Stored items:
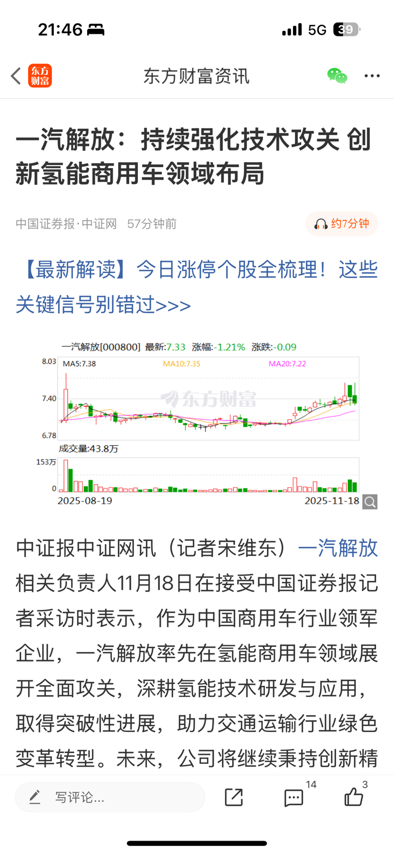 $一汽解放(SZ000800)$ 公司持续强化技术攻关,,终于把股价攻到了15年来历史新低,牛逼pls
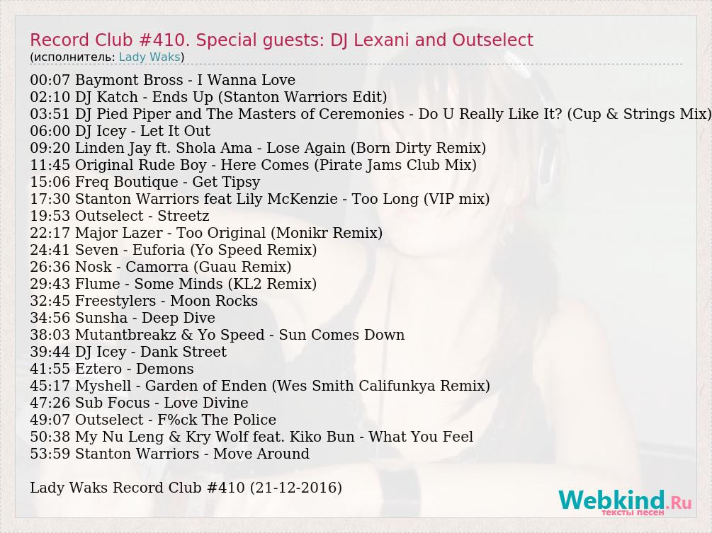 А как ты думаешь, о чем песня "Record Club #410. Special guests: DJ Lexani and Outselect" ?
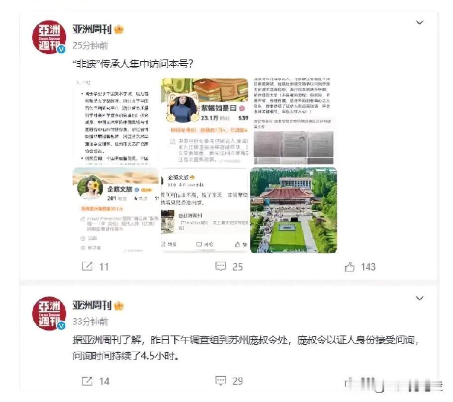 《亚洲周刊》大早晨就放出两个关于庞家和南京博物院的消息。 庞叔令已经在苏州接受调查组的问询,并且是以证人的身份 部分“非遗”传承人在微博上说,《亚洲周刊》这家媒体可信度不高,说《亚洲周刊》没有主管单位。 网友说:主管单位不一定能保证内容的真实性,并且呼吁《亚洲周刊》公开4个半小时问询的内容,不公开这个内容,谁都不知道真实情况是什么!这能引起共鸣! 现在庞家信任的媒体就只有《亚洲周刊》了,庞家所有的声明和回复都通过这家媒体发布。由此可见,《亚洲周刊》在庞家眼里的地位。 这次问询庞家的内容,很多人都在猜测内容,包括庞家捐赠给南京博物院的文物、证明文件、与南京博物院的纠纷、南京博物院拿庞家这些文物做展览……等, 内容都在讨论之中。无论讨论内容如何,大家都盼着坏人被惩罚!
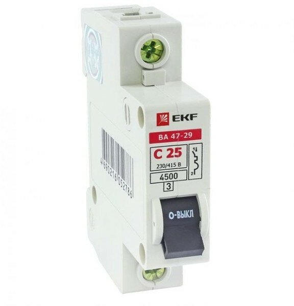 45шт. - Выключатель автоматический однополюсный 25А С ВА47-29 4.5кА / EKF; арт. mcb4729-1-25C; оригинал / - комплект 45шт
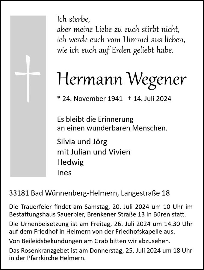 Hermann Wegenergestorben am 14. Juli 2024
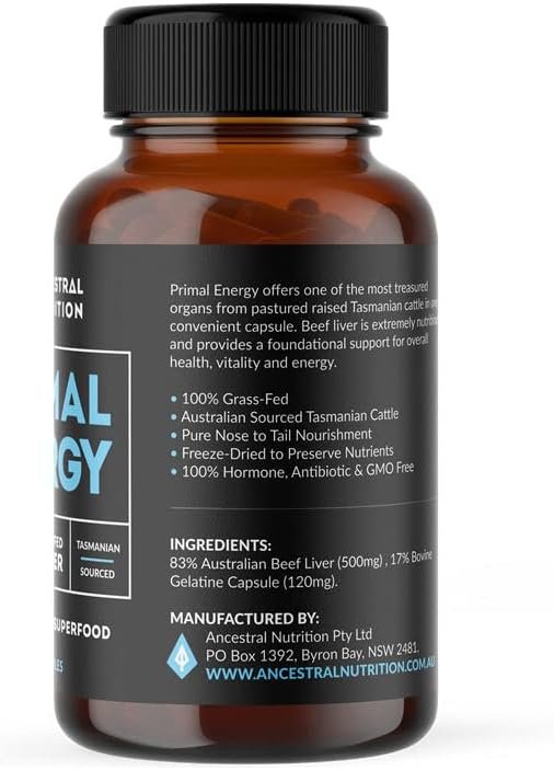 Do you always feel fatigued, tired, or struggle with low energy, immune health or metabolism? Then, this Nature’s superfood beef liver ancestral nutrition is what you need to fulfill all your nutrient needs and to supercharge your body to activate you all day long. The powerhouse magic capsules leave you feeling refreshed and energetic with more restorative sleep. Beef liver offers the specific vitamins and minerals that play a critical role in making healthy red blood cells which is the key to enjoying all-day energy. These desiccated beef liver capsules are sourced from the highest quality grass-fed Australian beef organs. They are one of the most nutrient-rich superfoods to support overall health and vitality. The beef organ meats are freeze-dried to preserve nutrients so that you get maximum benefits from the organ capsules. Each bottle contains 120 capsules that last for up to 30 days. Adults can take 4 capsules daily. The beef liver capsules are safe to be taken by children as well. We recommend 1 capsule for every 10kg (or less) of children’s body weight and advise starting on a single capsule daily for the first week to ensure tolerability. The capsules may be opened and sprinkled onto food, into a drink/smoothie, or taken whole. You can take Primal Energy any time of day as it doesn’t contain any sugar or caffeine. Though we recommend having it in the morning to start your day with a foundation for lasting energy. Get one step closer to a healthier you with beef liver supplements primal energy capsules packed with full of nutrients.
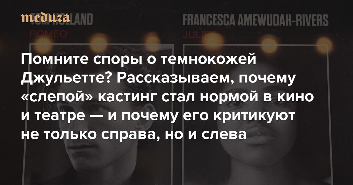 В театре герцога Йоркского в Лондоне идет «Ромео и Джульетта» — спектакль Джейми Ллойда с Томом Холландом и Франческой Амевуда-Риверс в заглавных ролях. Промо-кампания этого проекта вызвала в соцсетях — в том числе русскоязычных — очередную дискуссию о темнокожих артистах, которые играют белых персонажей: Амевуда-Риверс — как раз темнокожая. Споры о colorblind-кастинге настолько же привычны, как и сам этот подход к подбору актеров: о нем даже делают мемы. Разбираемся, откуда взялся «слепой» кастинг, почему он важен и когда бывает неуместен.
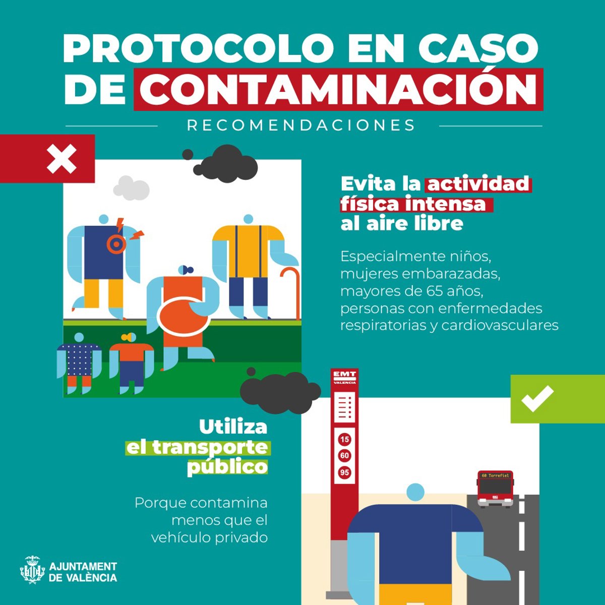 Ante esta situación, el Ayuntamiento de València ha activado el protocolo de medidas informativas en episodio tipo 1, en el que ha recomendado evitar la actividad física al aire libre, especialmente niños, mujeres embarazadas, personas mayores de 65 años y con enfermedades respiratorias y cardiovasculares.
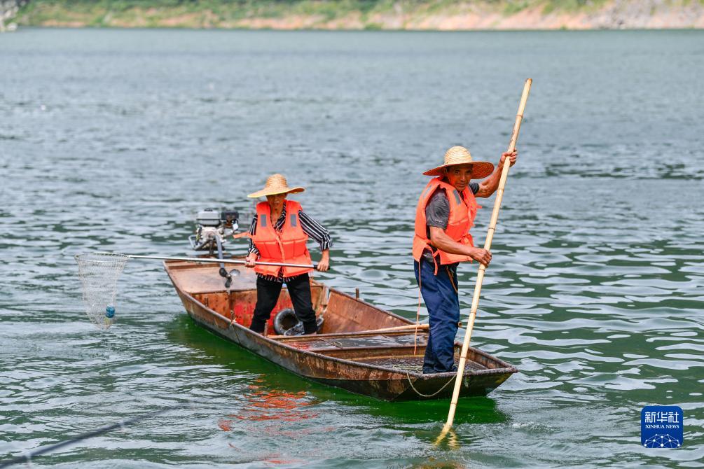 七月的烏江河谷,在夕陽西下時依然酷熱難耐。盧錫永和冉茂英駕駛小船,忙着清理前幾天因上游漲水衝下來的漂浮物。一人打撈,一人掌舵,夫妻倆分工協作,配合默契。這一幹,就是37年。

### WHAT THE EXERCISE ASKS
Copy each entry exactly as written, and drop the pictures from the copy.

### RESULT OF THE EXERCISE
 $一汽解放(SZ000800)$ 公司持续强化技术攻关,,终于把股价攻到了15年来历史新低,牛逼pls
 А как ты думаешь, о чем песня "Record Club #410. Special guests: DJ Lexani and Outselect" ?
 《亚洲周刊》大早晨就放出两个关于庞家和南京博物院的消息。 庞叔令已经在苏州接受调查组的问询,并且是以证人的身份 部分“非遗”传承人在微博上说,《亚洲周刊》这家媒体可信度不高,说《亚洲周刊》没有主管单位。 网友说:主管单位不一定能保证内容的真实性,并且呼吁《亚洲周刊》公开4个半小时问询的内容,不公开这个内容,谁都不知道真实情况是什么!这能引起共鸣! 现在庞家信任的媒体就只有《亚洲周刊》了,庞家所有的声明和回复都通过这家媒体发布。由此可见,《亚洲周刊》在庞家眼里的地位。 这次问询庞家的内容,很多人都在猜测内容,包括庞家捐赠给南京博物院的文物、证明文件、与南京博物院的纠纷、南京博物院拿庞家这些文物做展览……等, 内容都在讨论之中。无论讨论内容如何,大家都盼着坏人被惩罚!
 45шт. - Выключатель автоматический однополюсный 25А С ВА47-29 4.5кА / EKF; арт. mcb4729-1-25C; оригинал / - комплект 45шт
 Hermann Wegenergestorben am 14. Juli 2024
 Do you always feel fatigued, tired, or struggle with low energy, immune health or metabolism? Then, this Nature’s superfood beef liver ancestral nutrition is what you need to fulfill all your nutrient needs and to supercharge your body to activate you all day long. The powerhouse magic capsules leave you feeling refreshed and energetic with more restorative sleep. Beef liver offers the specific vitamins and minerals that play a critical role in making healthy red blood cells which is the key to enjoying all-day energy. These desiccated beef liver capsules are sourced from the highest quality grass-fed Australian beef organs. They are one of the most nutrient-rich superfoods to support overall health and vitality. The beef organ meats are freeze-dried to preserve nutrients so that you get maximum benefits from the organ capsules. Each bottle contains 120 capsules that last for up to 30 days. Adults can take 4 capsules daily. The beef liver capsules are safe to be taken by children as well. We recommend 1 capsule for every 10kg (or less) of children’s body weight and advise starting on a single capsule daily for the first week to ensure tolerability. The capsules may be opened and sprinkled onto food, into a drink/smoothie, or taken whole. You can take Primal Energy any time of day as it doesn’t contain any sugar or caffeine. Though we recommend having it in the morning to start your day with a foundation for lasting energy. Get one step closer to a healthier you with beef liver supplements primal energy capsules packed with full of nutrients.
 В театре герцога Йоркского в Лондоне идет «Ромео и Джульетта» — спектакль Джейми Ллойда с Томом Холландом и Франческой Амевуда-Риверс в заглавных ролях. Промо-кампания этого проекта вызвала в соцсетях — в том числе русскоязычных — очередную дискуссию о темнокожих артистах, которые играют белых персонажей: Амевуда-Риверс — как раз темнокожая. Споры о colorblind-кастинге настолько же привычны, как и сам этот подход к подбору актеров: о нем даже делают мемы. Разбираемся, откуда взялся «слепой» кастинг, почему он важен и когда бывает неуместен.
 Ante esta situación, el Ayuntamiento de València ha activado el protocolo de medidas informativas en episodio tipo 1, en el que ha recomendado evitar la actividad física al aire libre, especialmente niños, mujeres embarazadas, personas mayores de 65 años y con enfermedades respiratorias y cardiovasculares.
 七月的烏江河谷,在夕陽西下時依然酷熱難耐。盧錫永和冉茂英駕駛小船,忙着清理前幾天因上游漲水衝下來的漂浮物。一人打撈,一人掌舵,夫妻倆分工協作,配合默契。這一幹,就是37年。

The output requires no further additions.